A Python wrapper for the extremely fast Blosc2 compression library

Author:

The Blosc development team

Contact:

blosc@blosc.org

Github:

https://github.com/Blosc/python-blosc2

Actions:

actions

PyPi:

version

NumFOCUS:

numfocus

Code of Conduct:

Contributor Covenant

What it is

C-Blosc2 is the new major version of C-Blosc, and is backward compatible with both the C-Blosc1 API and its in-memory format. Python-Blosc2 is a Python package that wraps C-Blosc2, the newest version of the Blosc compressor.

Starting with version 3.0.0, Python-Blosc2 is including a powerful computing engine that can operate on compressed data that can be either in-memory, on-disk or on the network. This engine also supports advanced features like reductions, filters, user-defined functions and broadcasting (still in beta).

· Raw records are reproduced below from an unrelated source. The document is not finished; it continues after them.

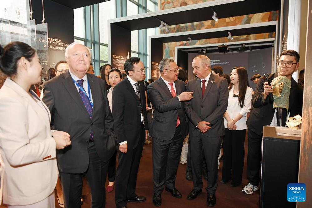 Guests visit an exhibition themed "Light of the Sun -- Ancient Shu Civilization and the World" at the UN headquarters in New York, June 9, 2025. A series of events was held on Monday at UN Headquarters in New York to commemorate the first anniversary of the International Day for Dialogue among Civilizations.
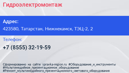 Гидроэлектромонтаж по адресу 423580, Татарстан, Нижнекамск, ТЭЦ-2, 2 в дальнейшем Организация, размещена в следующих категориях:
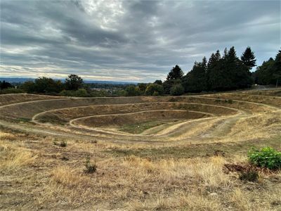 King County Arts Commission selected this location from 100 gravel pits in 1979 to create the first permanent land reclamation sculpture in the United States.
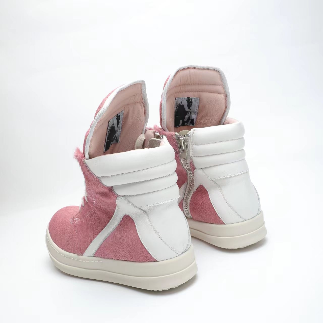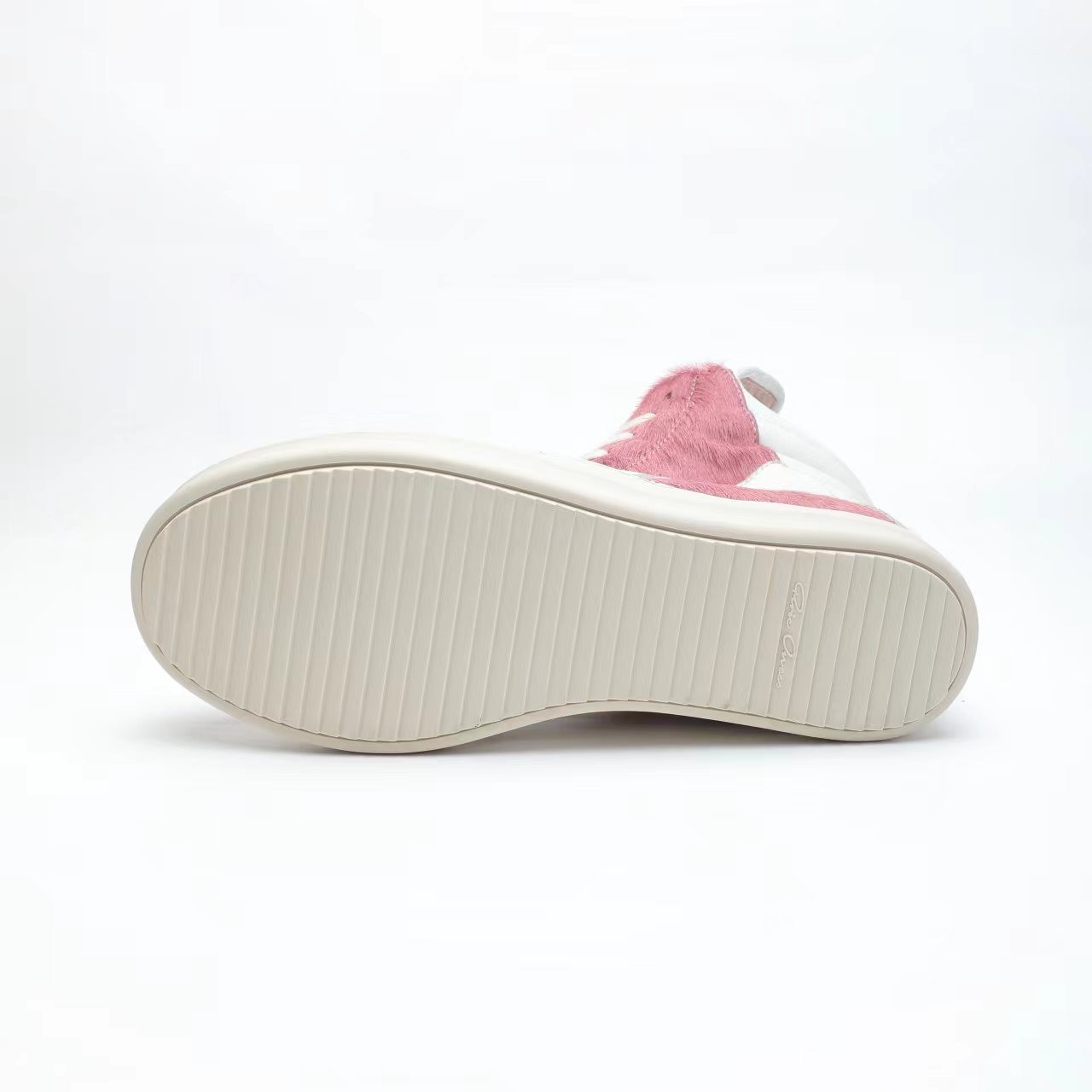 광저우 유럽풍 2025 캐주얼 패션 말털 하이탑 핑크색 두꺼운 밑창 라운드 토 미들 튜브 삼각형 화이트 보드 슈즈 숏부츠
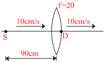 The figure shows initial positions of a source of light S and a light detector D. Both S & D move with velocity 10 cm/s, as shown. The converging lens of focal length 20 cm is fixed. Time instant(s) when the detector detects maximum intensity of light is /are
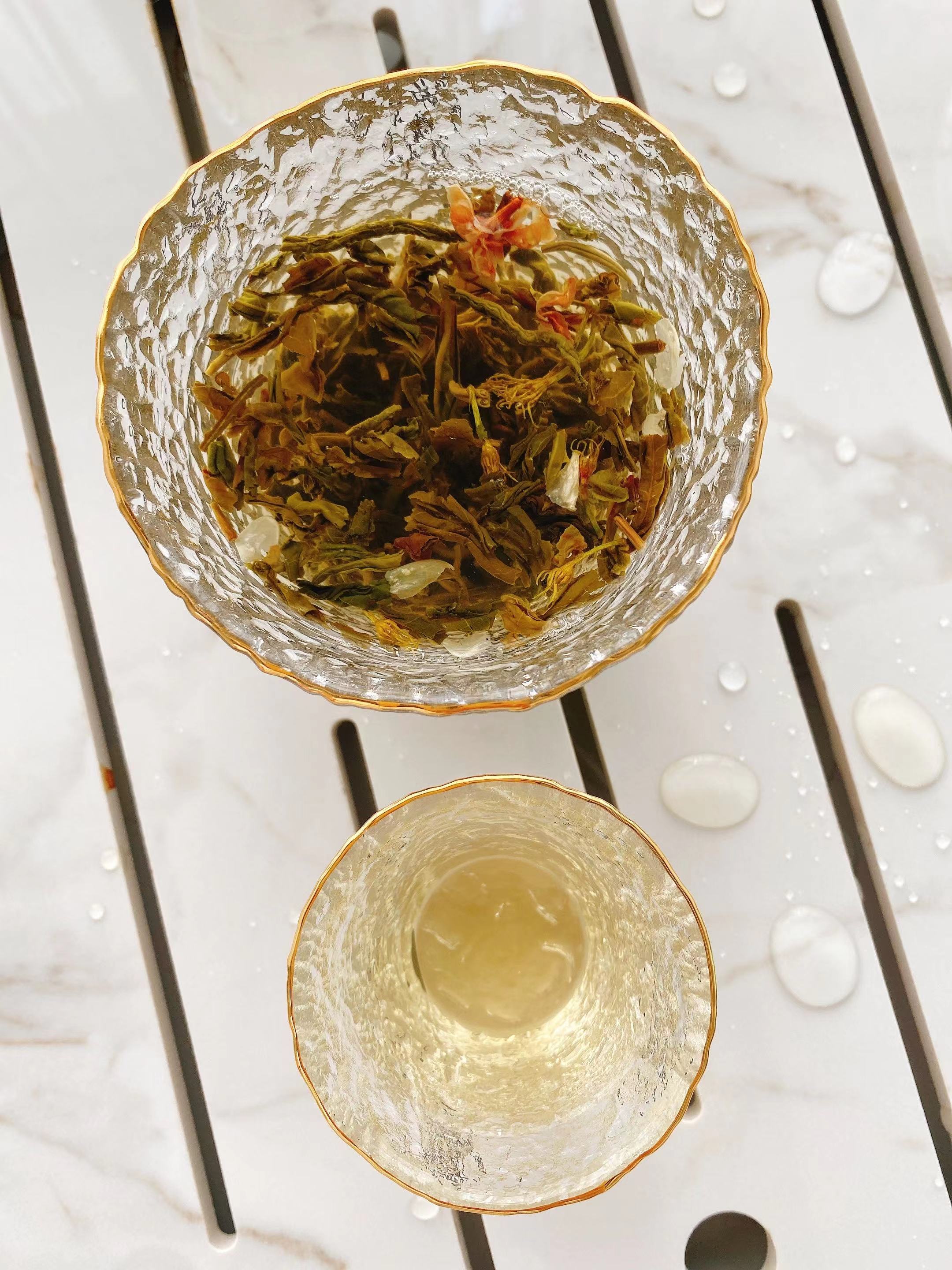 茉莉花茶汤色黄绿明亮,花香透过茶汤弥散
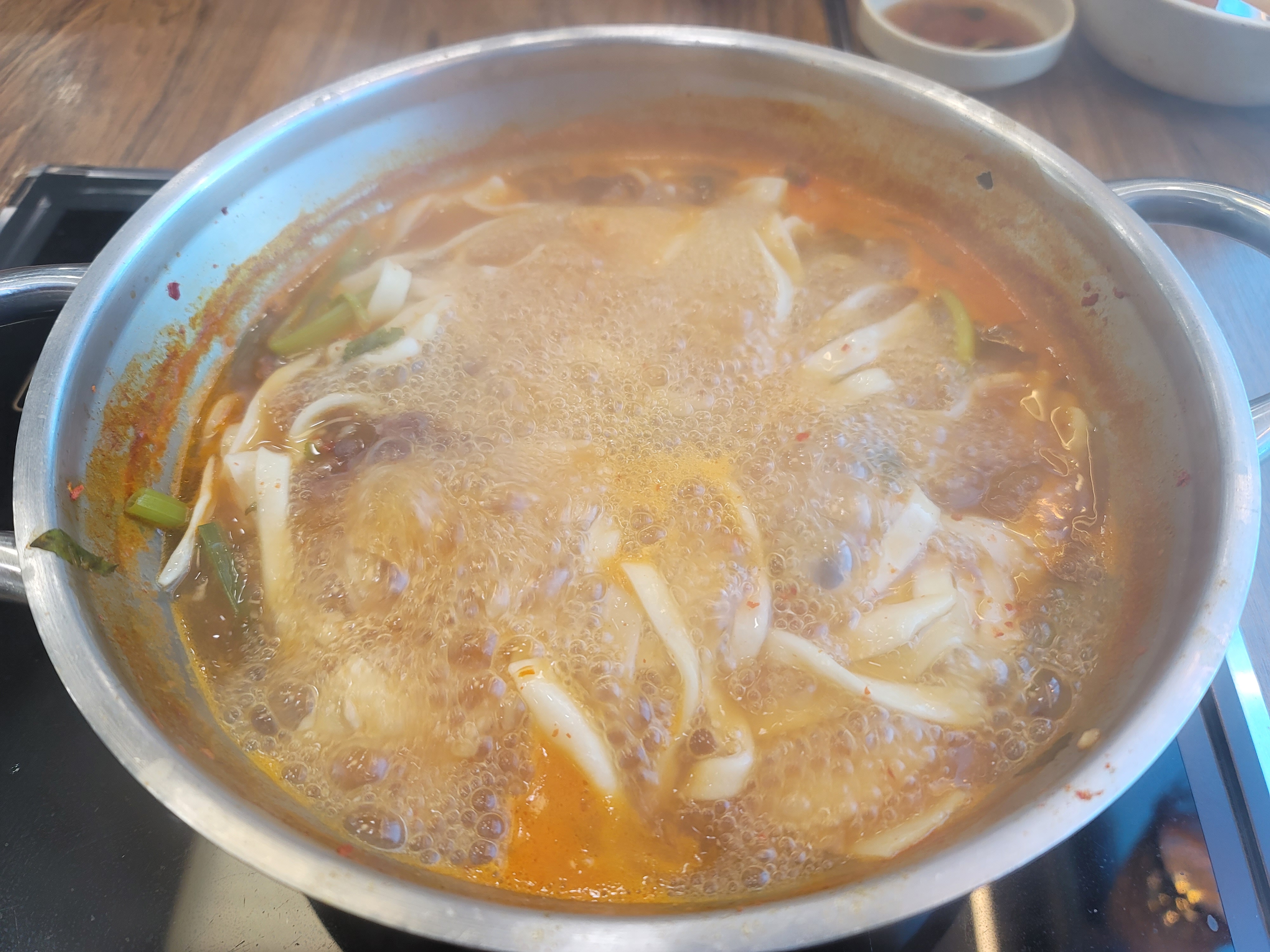 함께 나온 칼국수랑 칼제비를 넣고 다시 팔팔 끓여서

You can read our tutorial on how to use this new feature at: https://github.com/Blosc/python-blosc2/blob/main/doc/getting_started/tutorials/03.lazyarray-expressions.ipynb and https://github.com/Blosc/python-blosc2/blob/main/doc/getting_started/tutorials/03.lazyarray-udf.ipynb

In addition, Python-Blosc2 aims to leverage the full C-Blosc2 functionality to support super-chunks (SChunk), multi-dimensional arrays (NDArray), metadata, serialization and other bells and whistles introduced in C-Blosc2.

Note: Blosc2 is meant to be backward compatible with Blosc(1) data. That means that it can read data generated with Blosc, but the opposite is not true (i.e. there is no forward compatibility).

NDArray: an N-Dimensional store

One of the more useful abstractions in Python-Blosc2 is the NDArray object. It can write and read n-dimensional datasets in an extremely efficient way thanks to a n-dimensional 2-level partitioning, allowing to slice and dice arbitrary large and compressed data in a more fine-grained way:

https://github.com/Blosc/python-blosc2/blob/main/images/b2nd-2level-parts.png?raw=true

To wet you appetite, here it is how the NDArray object performs on getting slices orthogonal to the different axis of a 4-dim dataset:

https://github.com/Blosc/python-blosc2/blob/main/images/Read-Partial-Slices-B2ND.png?raw=true

We have blogged about this: https://www.blosc.org/posts/blosc2-ndim-intro

We also have a ~2 min explanatory video on why slicing in a pineapple-style (aka double partition) is useful:

Slicing a dataset in pineapple-style

Operating with NDArrays

The NDArray objects can be operated with very easily inside Python-Blosc2. Here it is a simple example:

import numpy as np
import blosc2

N = 10_000
na = np.linspace(0, 1, N * N, dtype=np.float32).reshape(N, N)
nb = np.linspace(1, 2, N * N).reshape(N, N)
nc = np.linspace(-10, 10, N * N).reshape(N, N)

# Convert to blosc2
a = blosc2.asarray(na)
b = blosc2.asarray(nb)
c = blosc2.asarray(nc)

# Expression
expr = ((a ** 3 + blosc2.sin(c * 2)) < b) & (c > 0)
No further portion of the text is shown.